Plusieurs élus basques français ont affiché leur scepticisme dimanche, après les propos de Manuel Valls démentant toute intervention dans l'extradition d'Aurore Martin, incarcérée en Espagne et qui s'apprête a déposer une demande de remise en liberté.
"Je ne suis pas convaincue par ses thèses (…). Je l'invite à venir s'asseoir autour de notre table républicaine au Pays basque", a déclaré à une correspondante de l'AFP la députée PS des Pyrénées-Atlantiques, Sylviane Alaux.
Pour Colette Capdevielle, autre députée socialiste des Pyrénées-Atlantiques, "ce sont des propos généralistes d'un ministre de l'Intérieur qui lutte contre le terrorisme. Entre la date de signature du mandat d'arrêt européen (MAE) (...) par les autorités espagnoles et aujourd'hui, un processus de paix s'est mis en marche" mais "il ne l'entend pas", a-t-elle regretté.
Cible de multiples critiques depuis l'arrestation d'Aurore Martin, le ministre de l'Intérieur a démenti dans un entretien à Sud Ouest Dimanche toute intervention dans l'arrestation et l'extradition jeudi de la militante, visée depuis octobre 2010 par un mandat d'arrêt espagnol (MAE) espagnol, validé par la justice française.
"L'exécution du MAE est une décision de la justice (...) appliquée sous l'autorité du parquet général de Pau. Ce n'est pas du ressort du ministre de l'Intérieur que je suis. Je n'ai pris ici aucune décision", a martelé M. Valls, invoquant la "séparation des pouvoirs".
Il a reçu vendredi et samedi plusieurs soutiens, parmi lesquels celui du premier secrétaire du PS, Harlem Désir, et du patron des députés PS, Bruno Le Roux.
Virulent, Olivier Dartigolles, porte-parole du PCF, a fustigé un "mensonge d'Etat", disant ne "pas croire qu'il (Manuel Valls) n'est pour rien dans cette arrestation".
"C'est bien parce qu'il y a eu des interventions politiques par le gouvernement précédent qu'Aurore Martin n'avait pas été arrêtée jusqu'à présent", a renchéri Alain Iriart, conseiller général Abertzaleen Batasuna ("union des patriotes", gauche indépendantiste modérée).

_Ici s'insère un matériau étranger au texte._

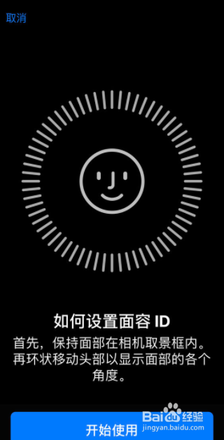 点击起头利用,录制面部环境,注重面部要在取景框内,并且要三维视角,头部需要扭动,否则很难识别当作功,当面庞已经设置,点击完当作;

Manuel Valls "a passé un deal avec son homologue espagnol lors de son dernier voyage à Madrid et il leur a +vendu+ l'arrestation et la remise d'Aurore Martin", croit savoir l'écologiste Martine Bisauta, adjointe au maire UMP de Bayonne.
Secrétaire départemental de l'UMP, Max Brisson affirme de son côté avoir des "indices concordants qui prouvent que les gendarmes ont arrêté Aurore Martin sur ordre".
Quant au sénateur (MoDem) des Pyrénées-Atlantiques, Jean-Jacques Lasserre, il manie l'image biblique : "au mieux, c'est Ponce Pilate (...) ce sont ses hommes qui ont procédé à l'arrestation".
Aurore Martin, 33 ans, a été arrêtée jeudi à Mauléon (Pyrénées-Atlantiques) puis remise aux autorités espagnoles.
Madrid lui reproche des "faits de participation à une organisation terroriste et terrorisme". En clair: avoir participé en Espagne à des réunions publiques comme membre de Batasuna ("unité", en basque).
Ce parti, considéré par l'Espagne comme le bras politique de l'organisation séparatiste basque ETA, est interdit outre-Pyrénées mais légal en France.
Incarcérée depuis vendredi à la prison Soto del Real, près de Madrid, Aurore Martin encourt jusqu'à 12 ans de prison.
Jointe dimanche par l'AFP, son avocate espagnole, Jone Celaya, du barreau de Bilbao (nord), a indiqué que sa cliente allait "bien" et qu'elle allait déposer lundi une demande de mise en liberté.
Me Celaya a confié nourrir peu d'espoirs que cette demande aboutisse car elle sera examinée par le même juge qui a placé sa cliente en détention. Elle s'est en revanche montrée plus optimiste pour le second recours "car l'affaire sera jugée par trois nouveaux magistrats".
Selon elle, les décisions devraient être rendues rapidement, comme c'est généralement le cas sur des questions de liberté.
Elle estime toutefois que sa cliente pourrait rester en détention "quelques semaines", voire "quelques mois".